Fig 1 Types of portland cements
Cements can also be categorized as follows.
Ordinary portland cement (OPC)
These are available in many grades, namely 33 grade, 43 grade, 53 grade etc. If 28 day strength is not less than 33 N/sq mm then it is called cement of ?33 grade?. If 28 day strength is not less than 43 N/ sq mm then it is called cement of ?43 grade?. Use of higher grade cement offers many advantages and makes stronger concrete. Although higher grade cement are little costlier than the low grade cement, they offer 10 % to 20 % saving in the cement consumption and they also offer many other hidden advantages. One of the most important advantages is the faster rate of development of the strength.
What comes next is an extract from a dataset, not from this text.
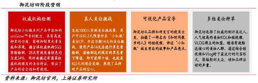 經(jīng)典案例:根據(jù)御泥坊官網(wǎng)、上海證券研究所等綜合資訊表明,御泥坊通過明星影視代言、KOL 種草帶貨到與用戶一起打造單品三個階段的不斷成長,超膜節(jié)目前已成為御泥坊品牌的專屬節(jié)日。針對新品小紅瓶美白系列的上新,御泥坊開展了四個階段漸進(jìn)性 的營銷傳播活動,步步為營地傳達(dá)產(chǎn)品的功能、體驗(yàn)?zāi)酥僚c品牌的情感聯(lián)結(jié),最終達(dá)成 422 超膜節(jié)用戶心智的占領(lǐng)。

The cement is used for the ordinary works. This type of cement is used in constructions where there is no exposure to sulphates in the soil or groundwater. The lime saturation factor (LSF) for this cement [(CaO-0.7 SO3}/ (2.8 SiO2 + 1.2 Al2O3 + 0.65 Fe2O3)] is limited between 0.66-1.02. Here each oxide denotes the percentage of the oxide in cement composition. LSF is normally limited to assure that the lime in the raw materials used during the cement production is not high, so as to cause the presence of free lime after the occurrence of chemical equilibrium. While too low a LSF makes the burning in the kiln difficult and the proportion of C3S (tri calcium silicate) in the clinker too low, free lime causes the cement to be unsound. In this cement, the percentage of Al2O3/Fe2O3 is not less than 0.66, insoluble residue not more than 1.5 % and percentage of SO3 is limited to 2.5 % when C3A is 7 % maximum and not more than 3 % when C3A is more than 7 %. The loss of ignition (LOI) is 4 % maximum and percentage of MgO is 5 % maximum. The fineness of OPC is not less than 2250 sq cm per gram.
White portland cement
It is made from raw materials containing very little iron oxide (less than 0.3 % in clinker) and magnesium oxide (which give the OPC its gray colour). China clay (white kaolin) is generally used in its production, together with chalk or limestone, free from specified impurities. Its production needs higher firing temperatures because of the absence of iron element which works as a catalyst in the formation process of the clinker. In some cases, cryolite (sodium-aluminum fluoride) is added as a catalyst. The compounds in this cement are similar to those in OPC, but C4AF (Tetra calcium alumino ferrite) percentage is very low. Contamination of the cement with iron during grinding of clinker is also to be avoided. For this reason, instead of the usual ball mill, the expensive nickel and molybdenum alloy balls are used in a stone or ceramic lined mill. The cost of grinding is thus higher, and this, coupled with the more expensive raw materials, makes white cement rather expensive. It has a slightly lower specific gravity (around 3.05 to 3.1) than OPC. The strength is usually somewhat lower than that of OPC.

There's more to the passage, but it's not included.